● **Data supplied**:
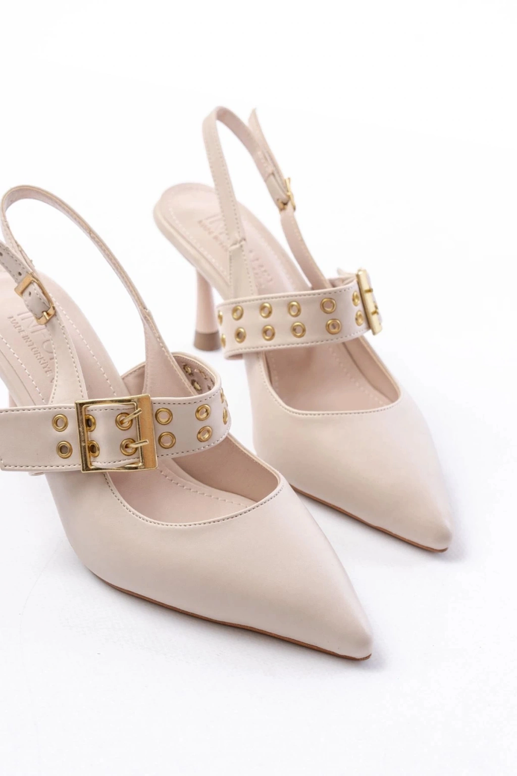 İNF-260 Bej Günlük Arkası Açık Baret Tokalı Topuklu Bayan Ayakkabı
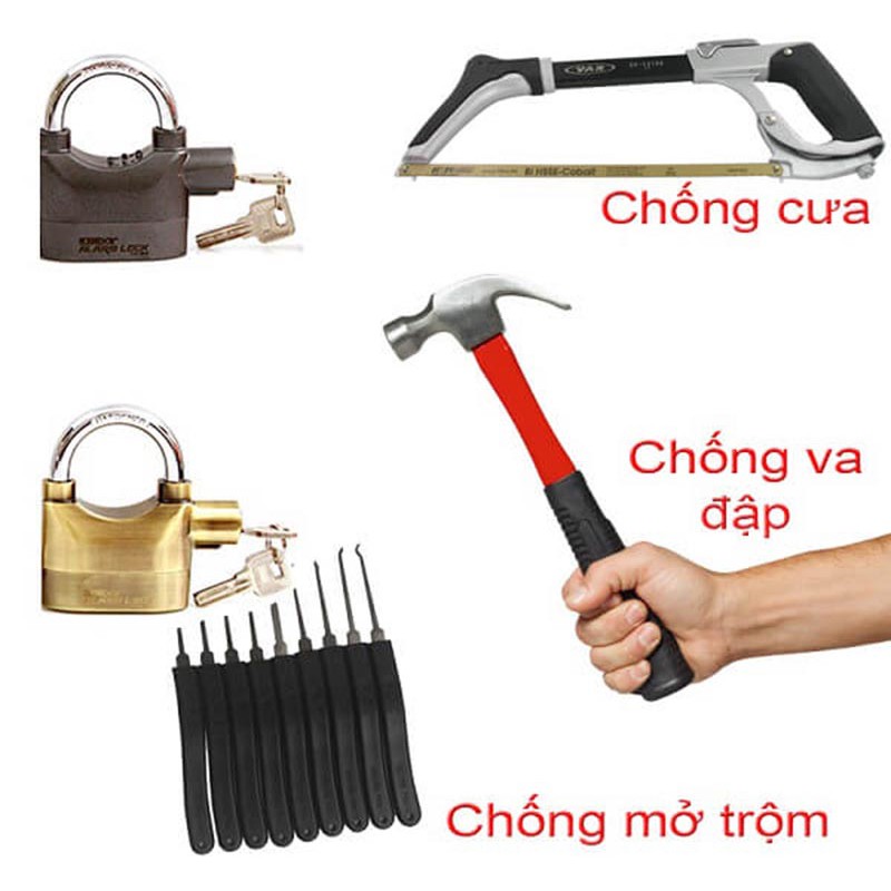 - Khả năng chống chịu va đập của khóa cũng cực kì ấn tượng. Với các dụng cụ phá khóa thông thường đều sẽ không có tác dụng trừ khi bạn đặt nó xuống đất và dùng búa tạ tác dụng với một lực cực mạnh mới có thể gây ra được tổn hại cho sản phẩm.
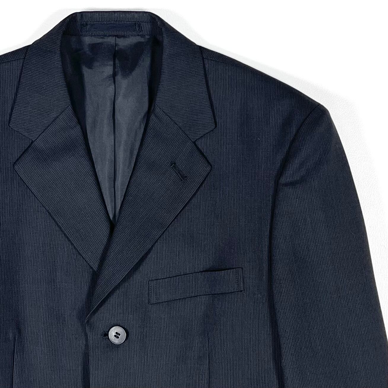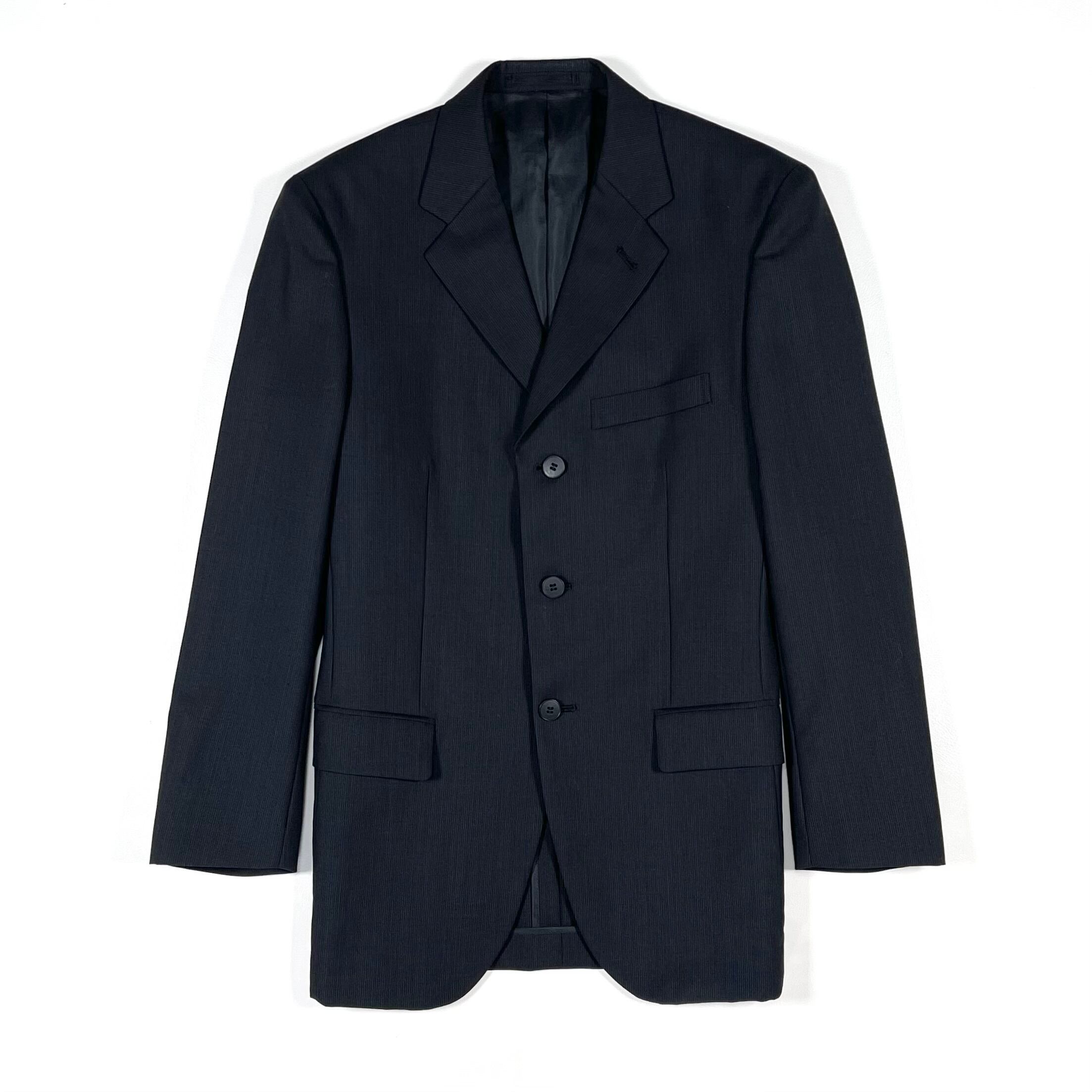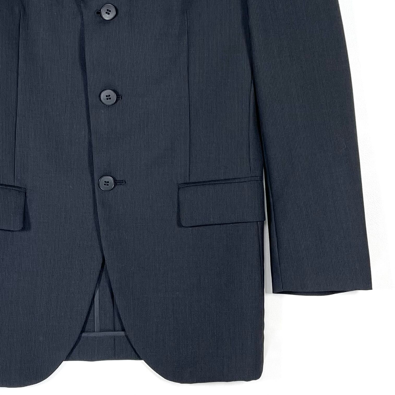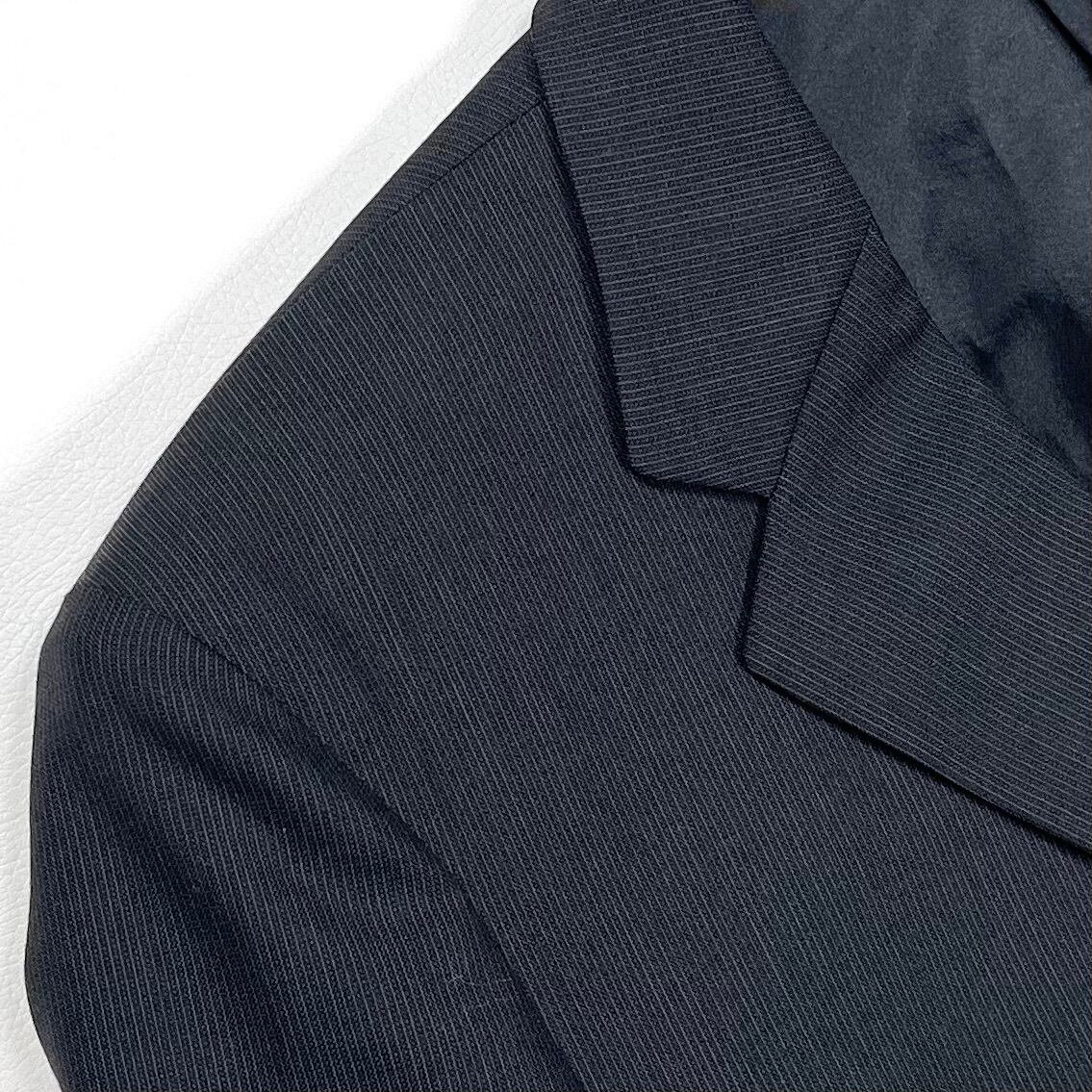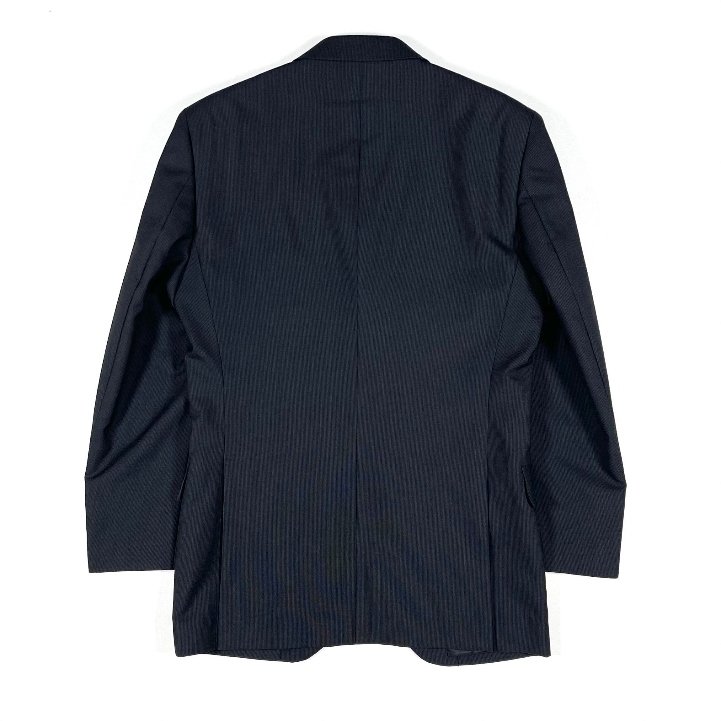 This is a classic tailored jacket in charcoal gray with a woven stripe pattern. It features a narrow V-zone with 3 buttons on the front, 4 buttons on the sleeves, and side vents. The material is a lightweight blend of wool and polyester, offering a sleek silhouette.
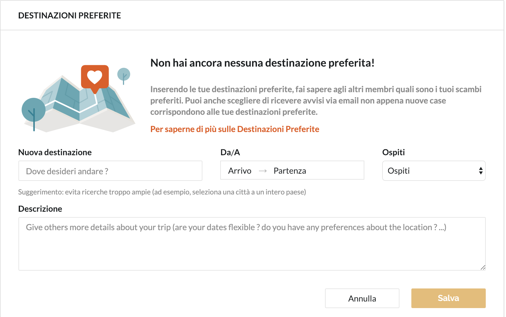 Salvando le tue Destinazioni Preferite, crei un avviso automatico che ti invia un'email ogni volta che una casa che soddisfa le tue preferenze di ricerca viene aggiunta su HomeExchange. Per ogni destinazione preferita inclusa, è possibile aggiungere dettagli specifici come: date in cui si desidera viaggiare, numero di viaggiatori e una breve descrizione.
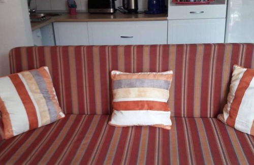Sala de estar: mesa, sofá cama (135x195), TV LED de 32 ", piso laminado, puertas corredizas panorámicas con vista a la costa y acceso directo a la terraza con palmeras, vista maravillosa, comedor: con mesa de vidrio y 3 sillas
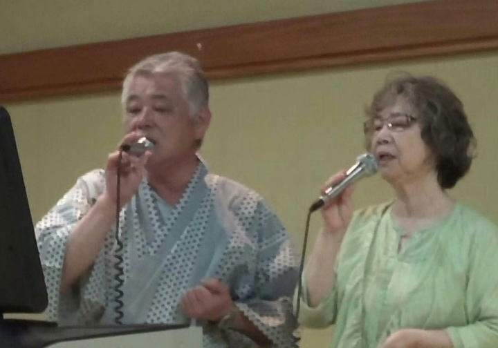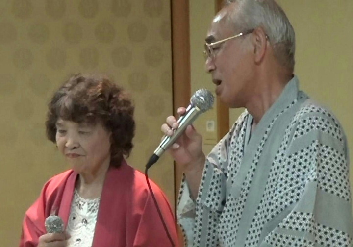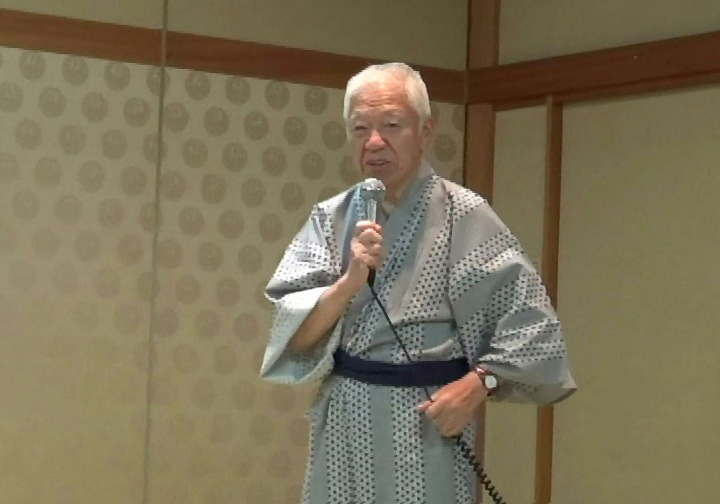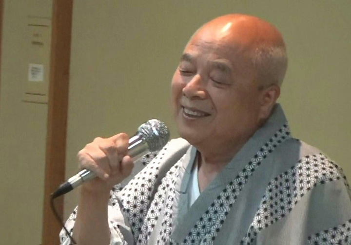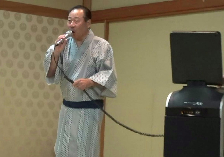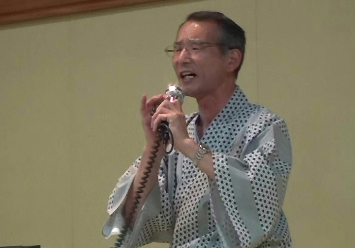夕食・懇親会は定刻に始まり、会長の挨拶、乾杯後しばらく食事を摂りながら懇談。いよいよ平野氏の司会でカラオケ等隠し芸大会の始まり、会長も含めみんなが参加。目をつぶっていると、司会者の蜂蜜に砂糖をまぶした様な甘い声にマスク? それに応える20代?ともとれる女性の嬌声など。全員が弾けて歌に踊りに大盛り上がりだった

● **What is being asked**: The lines from the one containing "This is a classic" through the final line of the data are to be repeated exactly, with both ends included and all pictures left out.

● **Answer for the task**:
 This is a classic tailored jacket in charcoal gray with a woven stripe pattern. It features a narrow V-zone with 3 buttons on the front, 4 buttons on the sleeves, and side vents. The material is a lightweight blend of wool and polyester, offering a sleek silhouette.
 Salvando le tue Destinazioni Preferite, crei un avviso automatico che ti invia un'email ogni volta che una casa che soddisfa le tue preferenze di ricerca viene aggiunta su HomeExchange. Per ogni destinazione preferita inclusa, è possibile aggiungere dettagli specifici come: date in cui si desidera viaggiare, numero di viaggiatori e una breve descrizione.
Sala de estar: mesa, sofá cama (135x195), TV LED de 32 ", piso laminado, puertas corredizas panorámicas con vista a la costa y acceso directo a la terraza con palmeras, vista maravillosa, comedor: con mesa de vidrio y 3 sillas
夕食・懇親会は定刻に始まり、会長の挨拶、乾杯後しばらく食事を摂りながら懇談。いよいよ平野氏の司会でカラオケ等隠し芸大会の始まり、会長も含めみんなが参加。目をつぶっていると、司会者の蜂蜜に砂糖をまぶした様な甘い声にマスク? それに応える20代?ともとれる女性の嬌声など。全員が弾けて歌に踊りに大盛り上がりだった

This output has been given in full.